Segment Start: DATA TO PROCESS

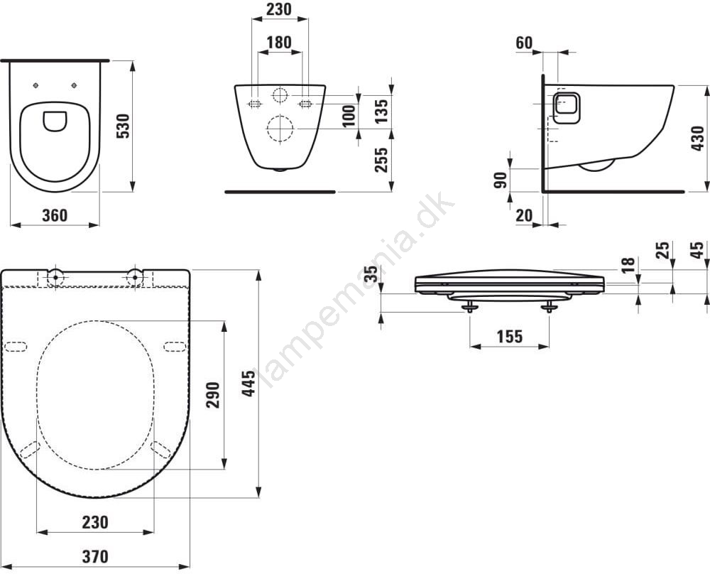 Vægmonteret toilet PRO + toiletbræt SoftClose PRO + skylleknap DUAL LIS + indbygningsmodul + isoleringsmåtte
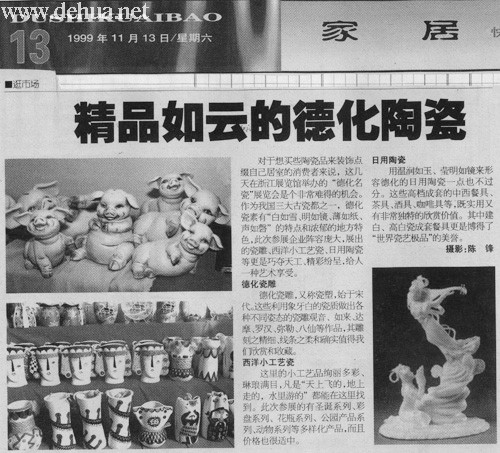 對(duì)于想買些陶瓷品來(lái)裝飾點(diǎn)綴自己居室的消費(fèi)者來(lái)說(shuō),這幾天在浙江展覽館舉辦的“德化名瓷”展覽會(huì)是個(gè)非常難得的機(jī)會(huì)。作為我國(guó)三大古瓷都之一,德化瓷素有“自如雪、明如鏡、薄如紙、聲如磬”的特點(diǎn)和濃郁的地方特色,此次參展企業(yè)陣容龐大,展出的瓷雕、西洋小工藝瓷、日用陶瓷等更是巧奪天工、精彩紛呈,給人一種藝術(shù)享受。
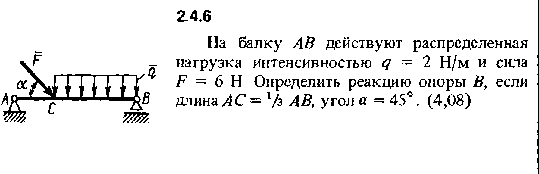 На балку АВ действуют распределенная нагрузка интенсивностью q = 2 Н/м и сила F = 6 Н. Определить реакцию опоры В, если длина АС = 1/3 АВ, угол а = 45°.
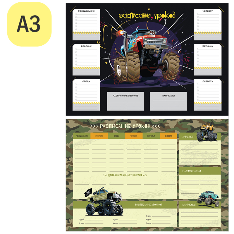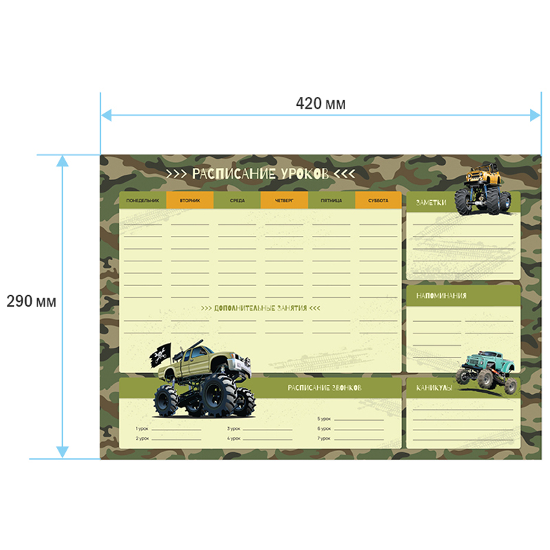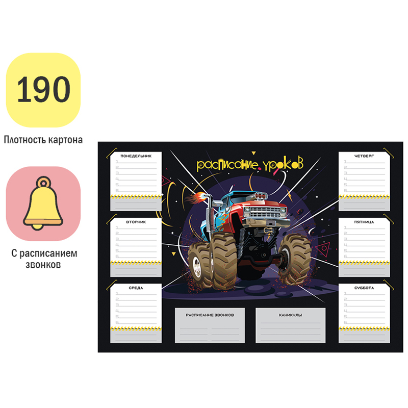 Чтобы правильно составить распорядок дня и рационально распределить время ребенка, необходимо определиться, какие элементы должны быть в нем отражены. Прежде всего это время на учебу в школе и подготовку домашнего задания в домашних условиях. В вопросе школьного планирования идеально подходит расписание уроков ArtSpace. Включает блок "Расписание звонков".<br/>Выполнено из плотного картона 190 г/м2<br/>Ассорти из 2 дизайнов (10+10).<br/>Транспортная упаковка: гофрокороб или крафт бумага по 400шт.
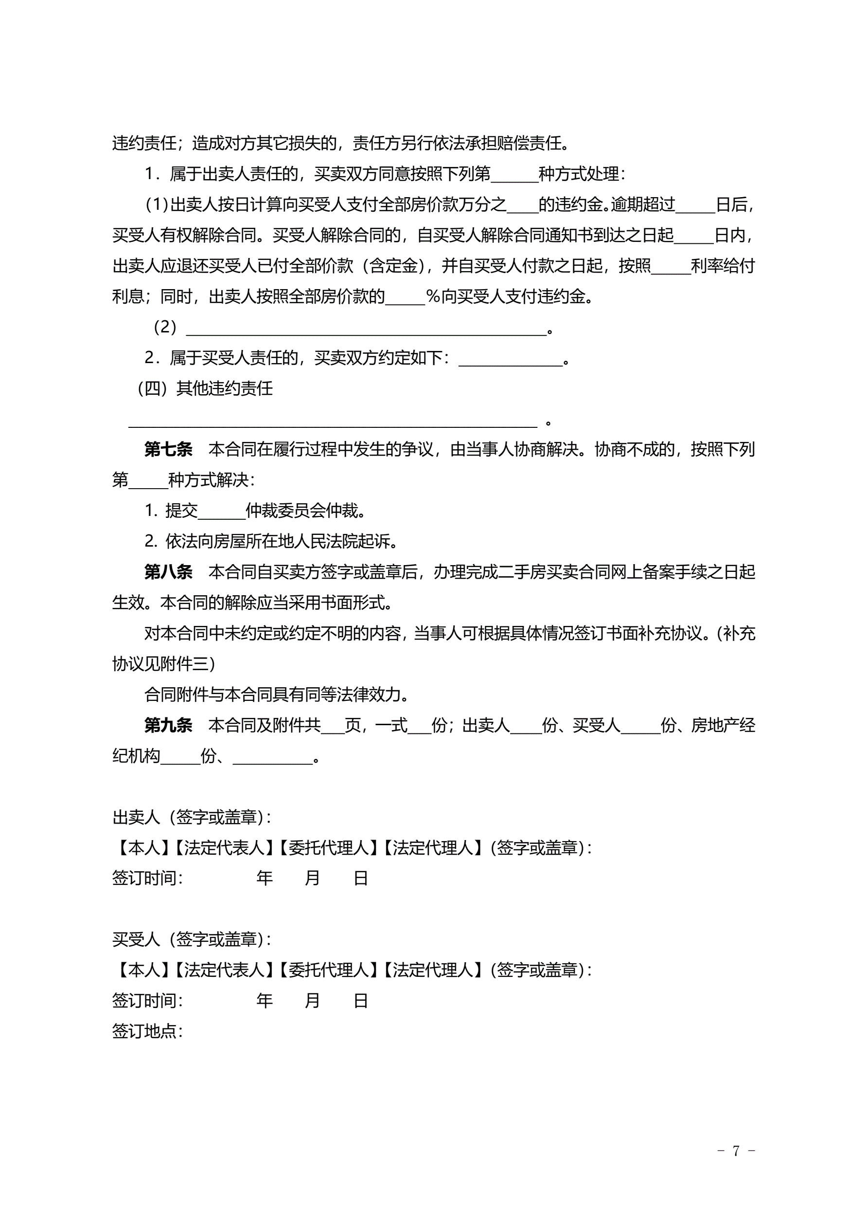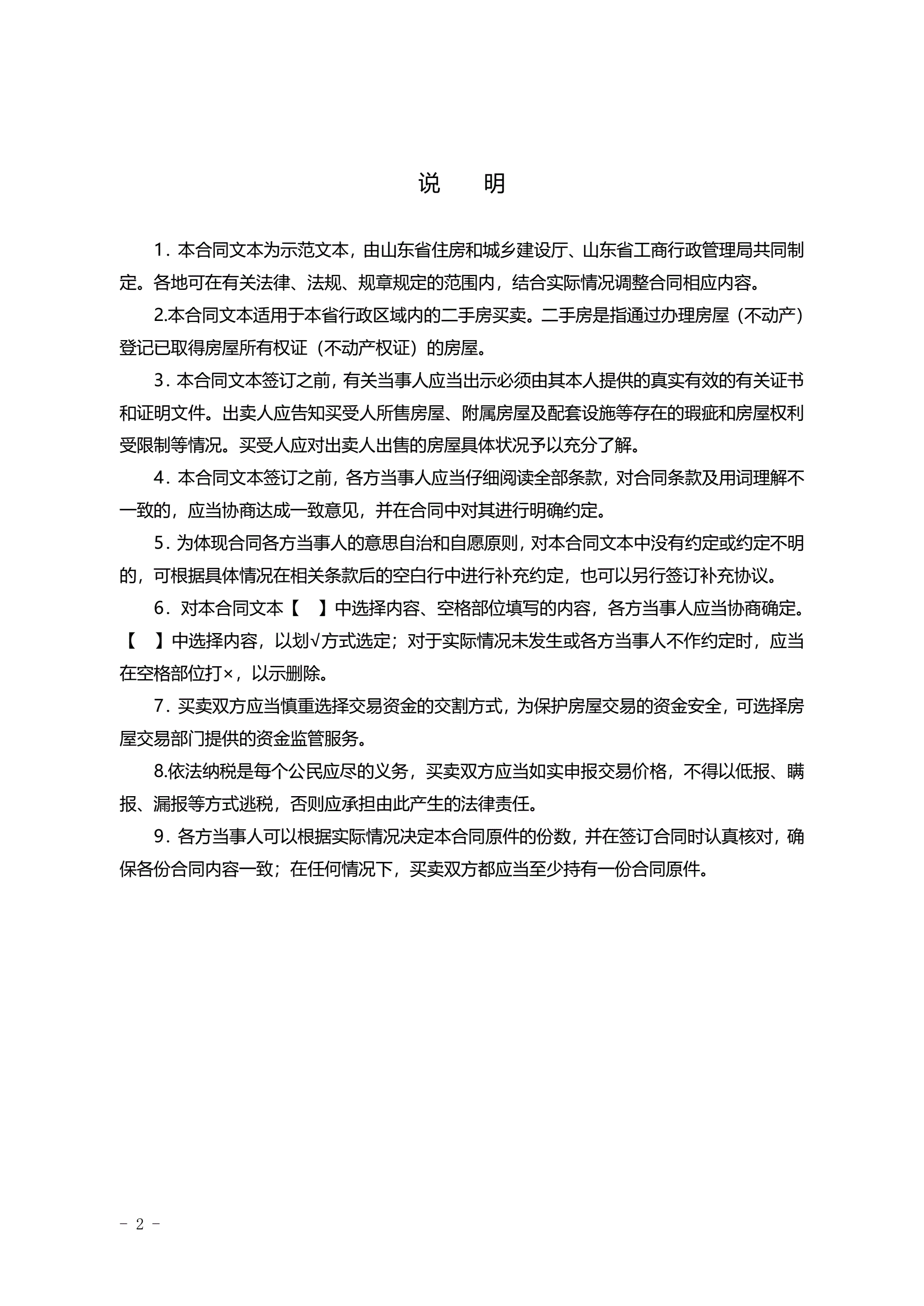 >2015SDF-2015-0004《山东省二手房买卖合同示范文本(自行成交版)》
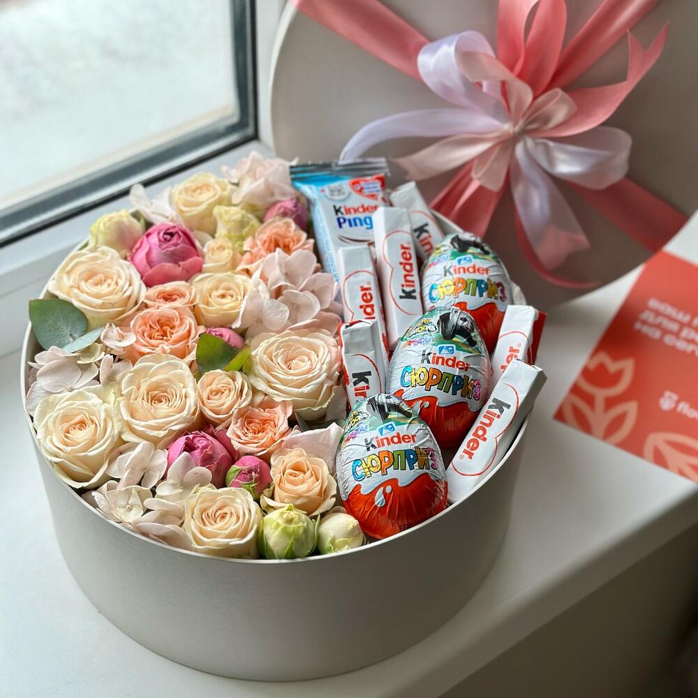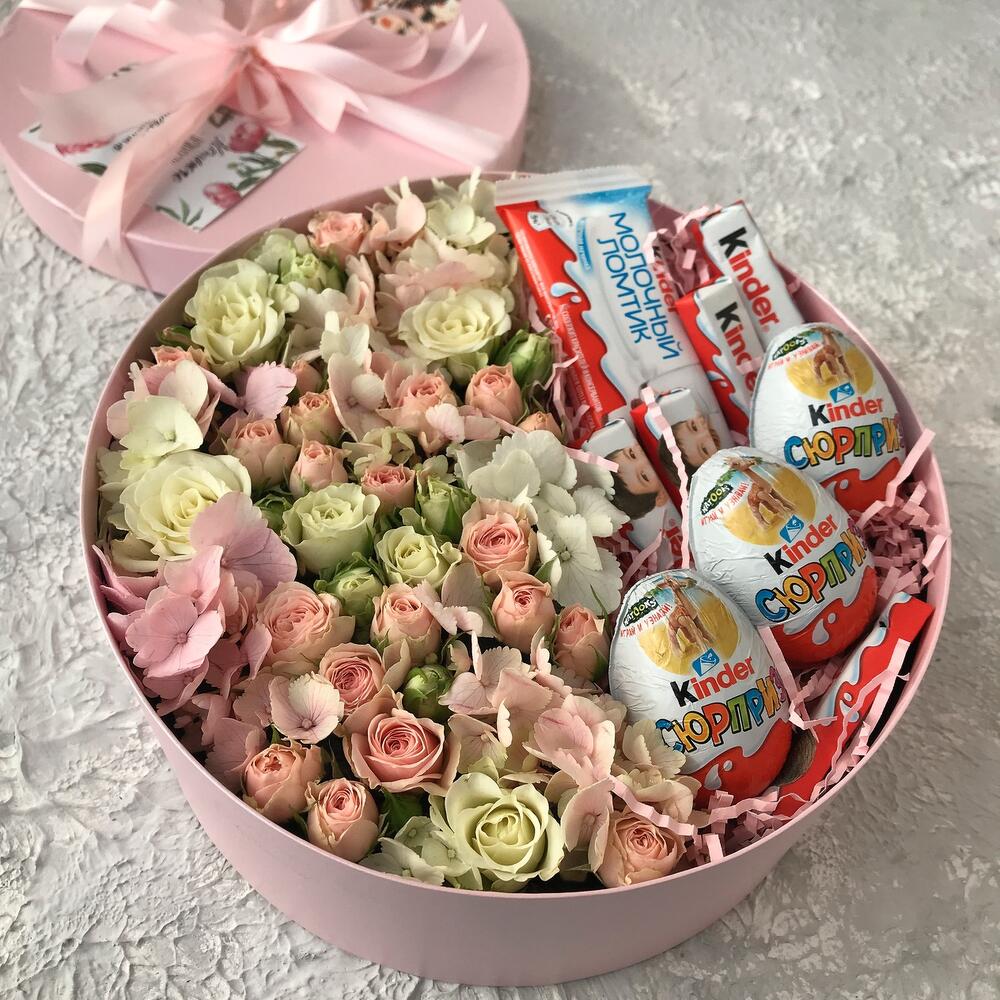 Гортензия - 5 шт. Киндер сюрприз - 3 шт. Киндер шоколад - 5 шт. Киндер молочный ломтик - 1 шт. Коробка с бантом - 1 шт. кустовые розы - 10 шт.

Segment End: DATA TO PROCESS

EXERCISE OBJECTIVE =>
Leaving pictures aside, write out each record above exactly as given.

SOLUTION TO THIS TASK =>
 Vægmonteret toilet PRO + toiletbræt SoftClose PRO + skylleknap DUAL LIS + indbygningsmodul + isoleringsmåtte
 對(duì)于想買些陶瓷品來(lái)裝飾點(diǎn)綴自己居室的消費(fèi)者來(lái)說(shuō),這幾天在浙江展覽館舉辦的“德化名瓷”展覽會(huì)是個(gè)非常難得的機(jī)會(huì)。作為我國(guó)三大古瓷都之一,德化瓷素有“自如雪、明如鏡、薄如紙、聲如磬”的特點(diǎn)和濃郁的地方特色,此次參展企業(yè)陣容龐大,展出的瓷雕、西洋小工藝瓷、日用陶瓷等更是巧奪天工、精彩紛呈,給人一種藝術(shù)享受。
 На балку АВ действуют распределенная нагрузка интенсивностью q = 2 Н/м и сила F = 6 Н. Определить реакцию опоры В, если длина АС = 1/3 АВ, угол а = 45°.
 Чтобы правильно составить распорядок дня и рационально распределить время ребенка, необходимо определиться, какие элементы должны быть в нем отражены. Прежде всего это время на учебу в школе и подготовку домашнего задания в домашних условиях. В вопросе школьного планирования идеально подходит расписание уроков ArtSpace. Включает блок "Расписание звонков".<br/>Выполнено из плотного картона 190 г/м2<br/>Ассорти из 2 дизайнов (10+10).<br/>Транспортная упаковка: гофрокороб или крафт бумага по 400шт.
 >2015SDF-2015-0004《山东省二手房买卖合同示范文本(自行成交版)》
 Гортензия - 5 шт. Киндер сюрприз - 3 шт. Киндер шоколад - 5 шт. Киндер молочный ломтик - 1 шт. Коробка с бантом - 1 шт. кустовые розы - 10 шт.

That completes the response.